Nicola Staff asked 3 months ago

This is a good example of the bias at work by the neuroscientists, who have a materialist perspective, and think of the brain as a kind of machine made up of component parts, having specific functions and fully understandable with enough probing of particular brain regions, all of which have specific duties and capabilities, so anything that happens with perturbation is assumed in advance to be a consequence of the abnormal state of the brain tissue itself. In this case, there is a kind of in-between state where the brain does not go dark with an ongoing abnormality, but something is going on within the thoughts that fully convinces the person afflicted that they are experiencing vision, even when this is impossible, and demonstrably so, in a physical sense.

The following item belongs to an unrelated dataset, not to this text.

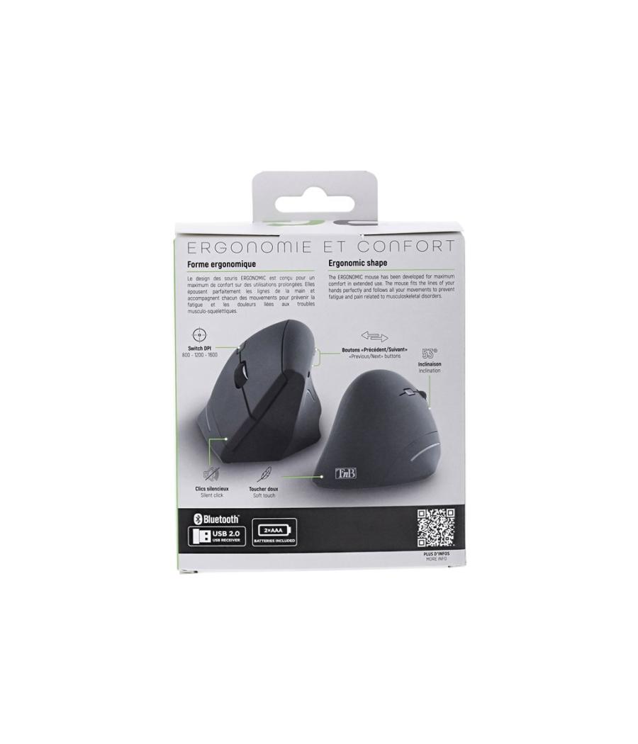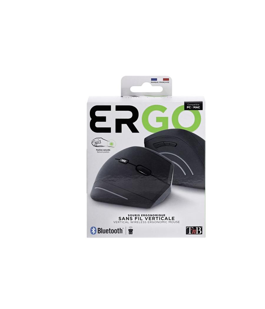 T'nB Ergo - Souris verticale - ergonomique - ultra-l?ger - pour droitiers - optique - 6 boutons - sans fil - Bluetooth, 2.4 GHz - r?cepteur sans fil USB - noir - bo?te de suspension

But rather than being a weird inexplicable consequence of loss of function, which is what is assumed, the fact the mind is attempting to plug in a semblance of prior vision is actually a clue that consciousness is using its resources to be creative and fill in the gap for the person, and the fact this is not perceived as such by the impaired person is simply a result of the damaged state where they are missing a true linkup between consciousness and the workings of the brain. So the intention is still present within consciousness to see, but the body is not working properly and the feedback that interacts with consciousness to close the loop is absent, and so conscious intention keeps trying to make visual observations and will not get a perception via thought that something has gone wrong and there is a function missing. This is because there are various ways consciousness impinges that differ in different parts of the brain, to handle various roles for interpreting what happens. This is documented, functionally speaking, by many such studies of what part of the brain is involved with various kinds of thought and various types of perception of the senses and actions, involving things like movement in the body and emotional states, that can be turned on or off via impinging on areas of the brain, and so on.

Because the repertoire of the human being is so large, there are many intricate pathways that consciousness utilizes to put things together and orchestrate a complex series of events needed to have an intention acted upon, and then experienced by the mind and body, by the doing, during the operation itself. So what is happening here is some of the pathways are intact and others not, so there is an activity wanting to take place and a perception that is the case. “I am looking at this,” is what is sensed by the person’s mind, but the pathway that will feed back a visual stimulus, and the part of the brain responsible for displaying that stimulus, and making sense of it, and bringing that to conscious awareness has been disconnected. So this is sort of like a stew with some of the ingredients being absent, it has the semblance of a stew but, by strict definition, is faulty. So this is more a demonstration of an underlying and mysterious complexity for a conscious impulse coming from somewhere, and that somewhere is not being identified in studying people with this particular syndrome—only the clues that what is happening is more complicated than is being appreciated because the data are being very selectively interpreted and some observations ignored altogether.